In applying these standards to Quiñones-Rodriguez’s conduct, the court found that “the record firmly establishes that the sanctioned conduct, especially Quiñones-Rodriguez’s refusal to respond to numerous telephone calls and emails over the course of several weeks, and her eleventh-hour filing of the Withdrawal Motion without warning all contributed to the need for the filing of opposition papers and to conduct the September 2014 hearing, which could have been obviated.”
There are several lessons to be learned from this case. If the litigation tactics of your opponent cross the line from zealous to abusive, you have several avenues for redress. If it involves the filing of a frivolous pleading, of course, Rule 9011 is available. If your opponent’s conduct is sufficiently outrageous to support a finding of bad faith, but has not necessarily had the effect of multiplying the proceedings, the court’s inherent power to sanction for any abuse of the judicial process may be invoked.

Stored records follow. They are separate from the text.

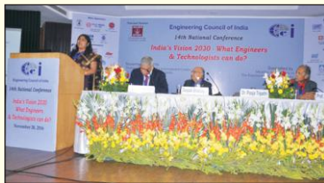
14th National Conference - The 2nd Session in progress

could not come due to last minute urgent engagements elsewhere. A wide variety of topics in the presentations relevant to the theme, were taken up, which were followed by a lively question-answer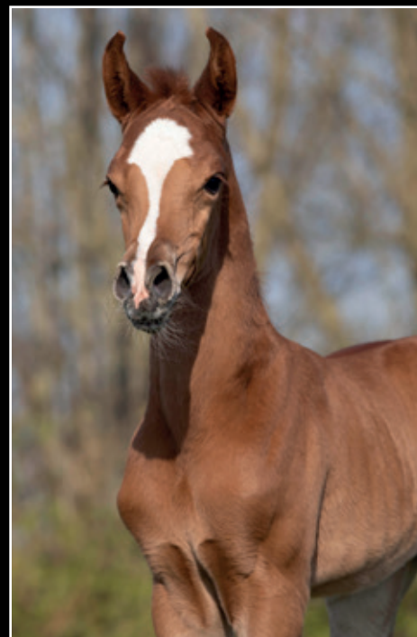
FORELOCK'S YA' ELLE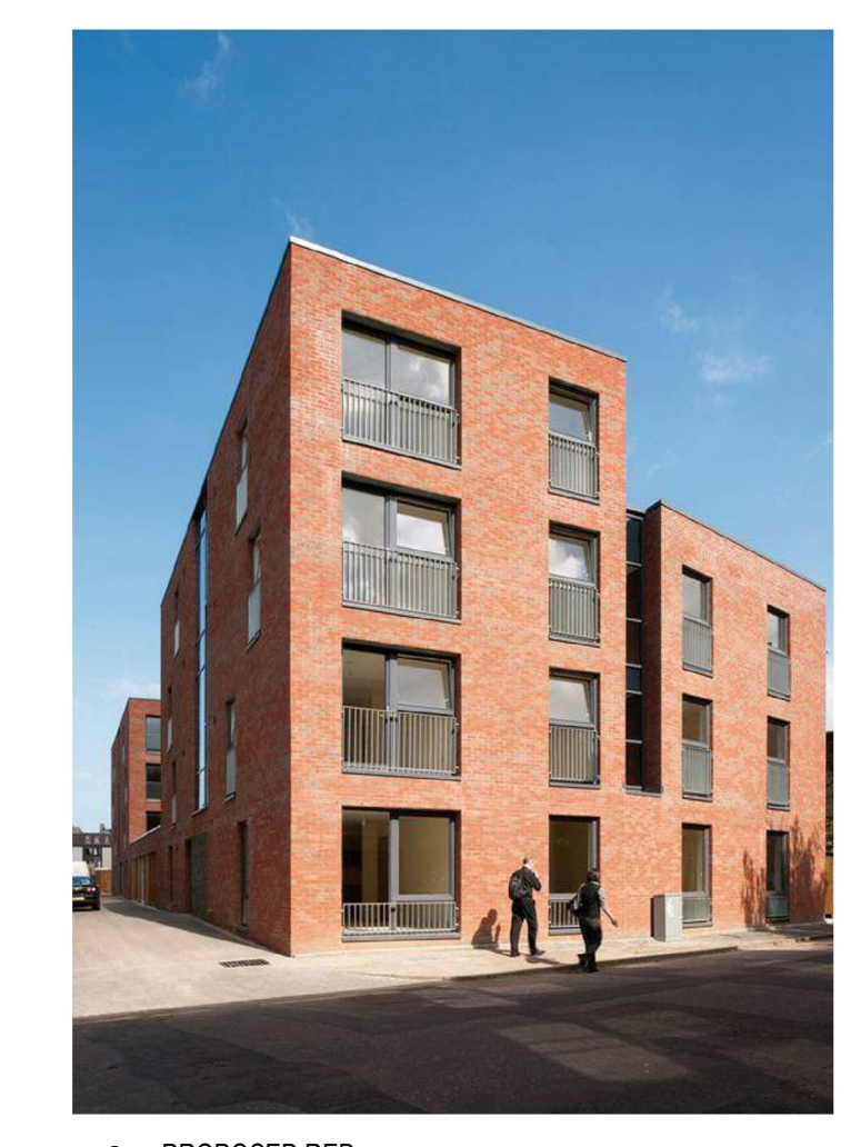
3 PROPOSED RED BRICKWORK FACADE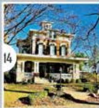
327 S 16TH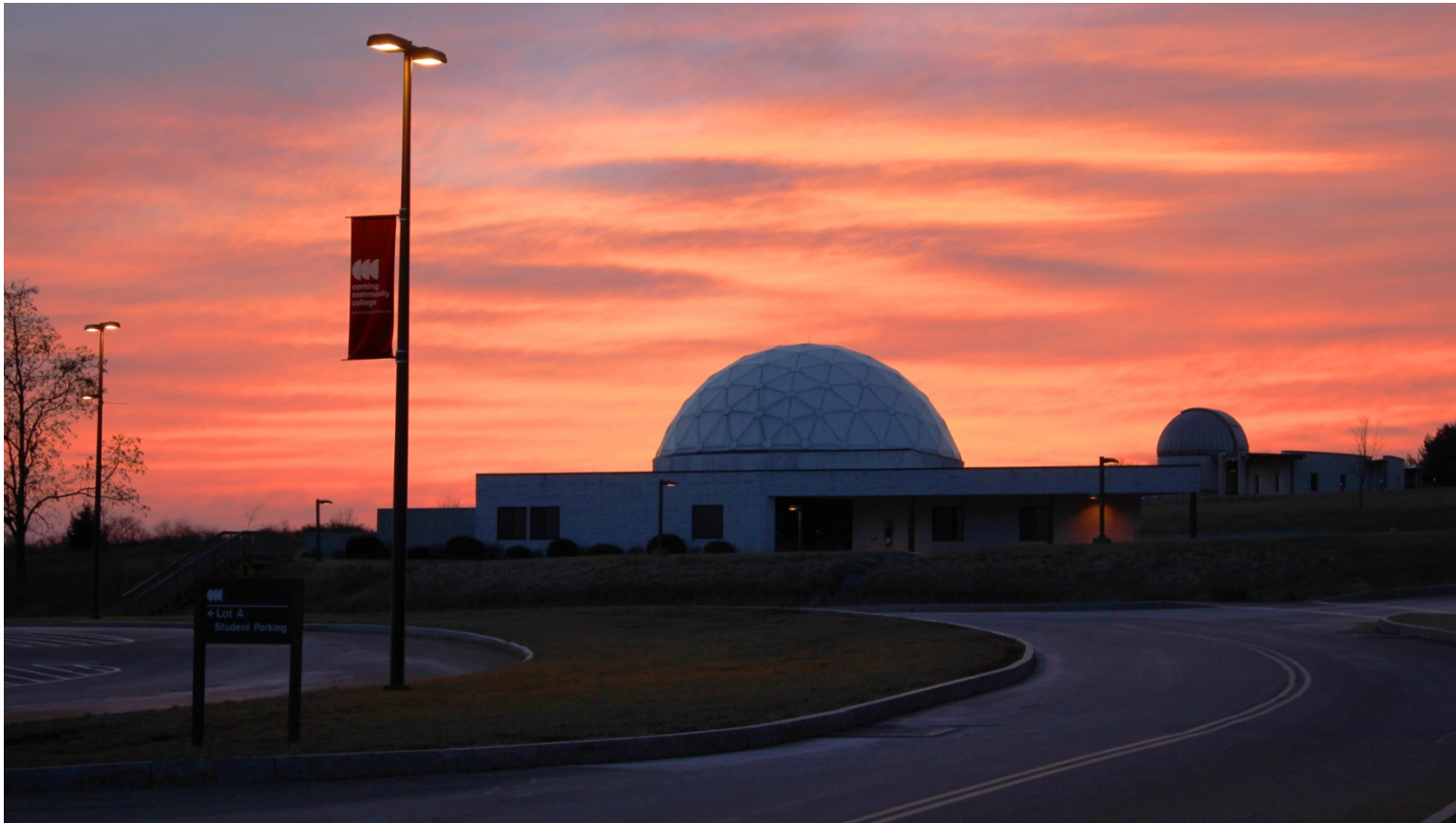
Planetarium and Observatory Buildings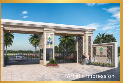
HARERA No. 89 of 2023 RC/REP/HARERA/GGM/745/477/2023/89 Dated 11/09/2023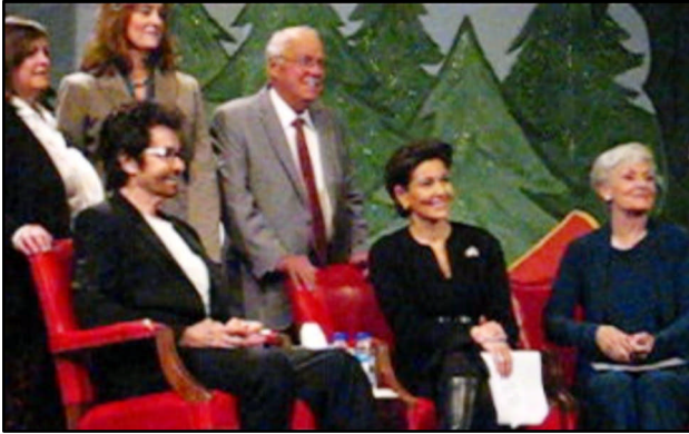
Posing for photos prior to the beginning of the ceremony in the Norwood Middle School auditorium.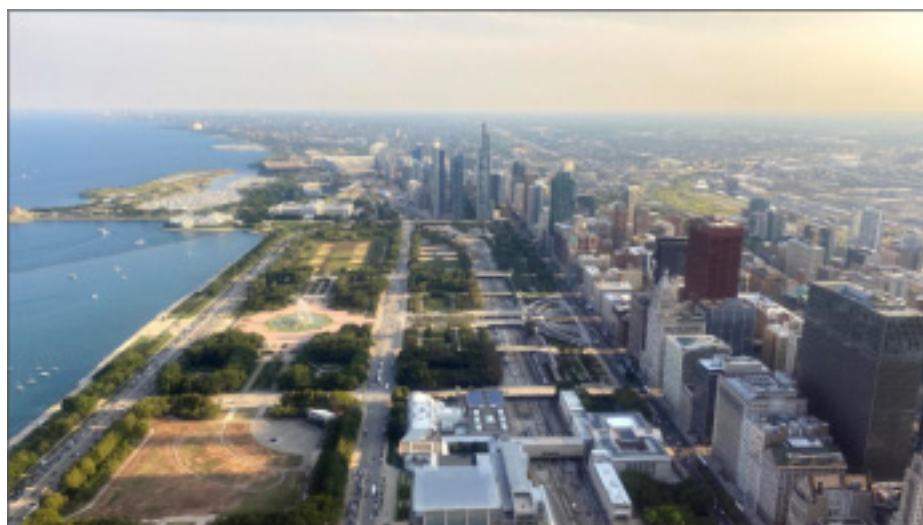
Chicago (and a glimpse of Indiana in the Horizon).

TEAM Consulting enjoys providing support to the IAAO conference each year. This year, TEAM Consulting sponsored the U-40 and Professional Designee receptions, where we were able to celebrate recent designees and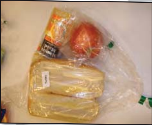
Sack Lunch: Sandwich, Apple and Drink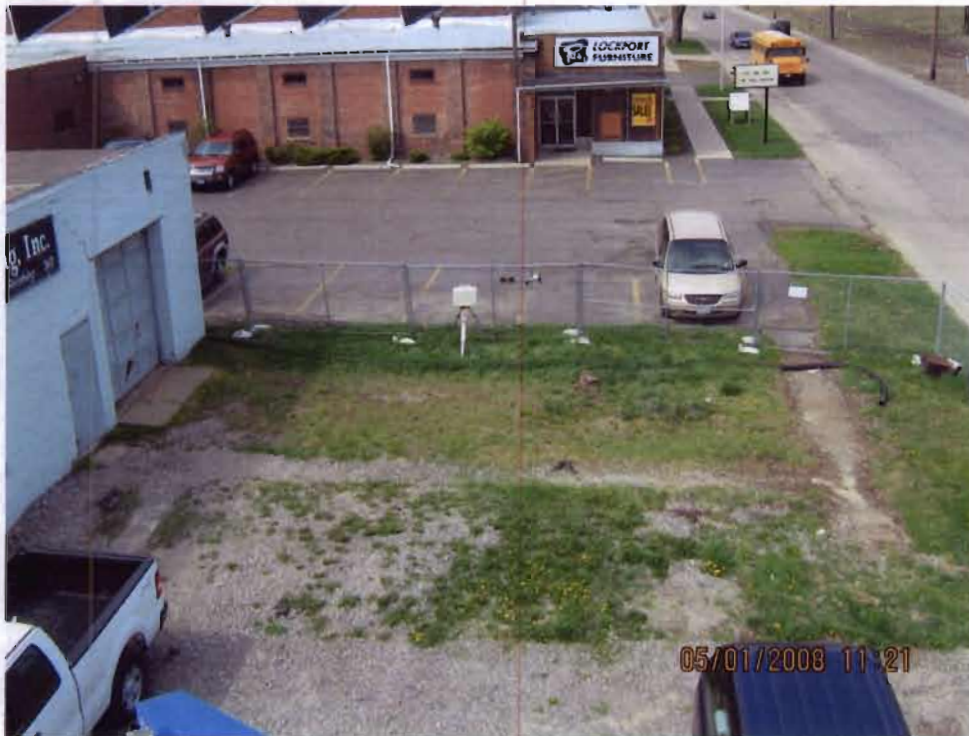
Front of the MRS Plating Shop. The Furniture Store is located in the background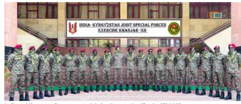
India and Kyrgyzstan Army personnel during the exercise Khanjar-XII 2025

The report also said that because of the variability, a statistical analysis of water quality data of various monitoring locations for the key parameters was undertaken from January 12 to February 22 at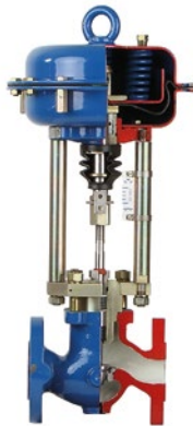
High-performance control valve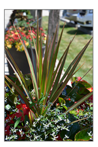
Cordylena Ruby Madagascar Dragon Tree flowers

When grown indoors, Cordylena Ruby Madagascar Dragon Tree can be expected to grow to be about 4 feet tall at maturity, with a spread of 24 inches. It grows at a medium rate, and under ideal conditions can be expected to live for approximately 10 years. This houseplant will do well in a location that gets either direct or indirect sunlight, although it will usually require a more brightly-lit environment than what artificial indoor lighting alone can provide. It does best in average to evenly moist soil, but will not tolerate standing water. The surface of the soil shouldn't be allowed to dry out completely, and so you should expect to water this plant once and possibly even twice each week. Be aware that your particular watering schedule may vary depending on its location in the room, the pot size, plant size and other conditions; if in doubt, ask one of our experts in the store for advice. It is not particular as to soil type or pH; an average potting soil should work just fine.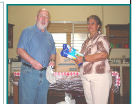
Food items being delivered to Hogar de Ancianos Horizonte, San Marcos, Carazo on May 29, 2007.

...If I, inadvertently, omitted somebody from the list, please accept my apology.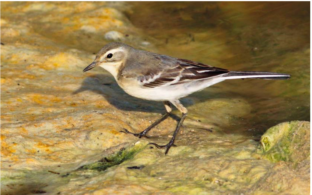
463 Citrine Wagtail / Citroenkwikstaart Motacilla citreola , first-year, Malta, 15 August 2012 (Raymond Galea)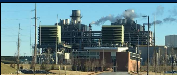
ABB Emerson Foxboro GE Hitachi Metso MHI Siemens Toshiba

When, however, your opponent is just being a jerk, and that has the effect of delaying and multiplying the proceedings, § 1927 is readily available without the procedural requirements of Rule 9011 nor the standard of proof required for the court’s inherent powers. Trial courts are “accorded wide latitude in assessing when an attorney’s conduct crosses the line between what is acceptable if tedious and what is unreasonable and vexatious.” If you act like a jerk, the court will be more than likely to find the latter and it will cost you. It certainly did Ms. Quiñones-Rodriguez and her law firm.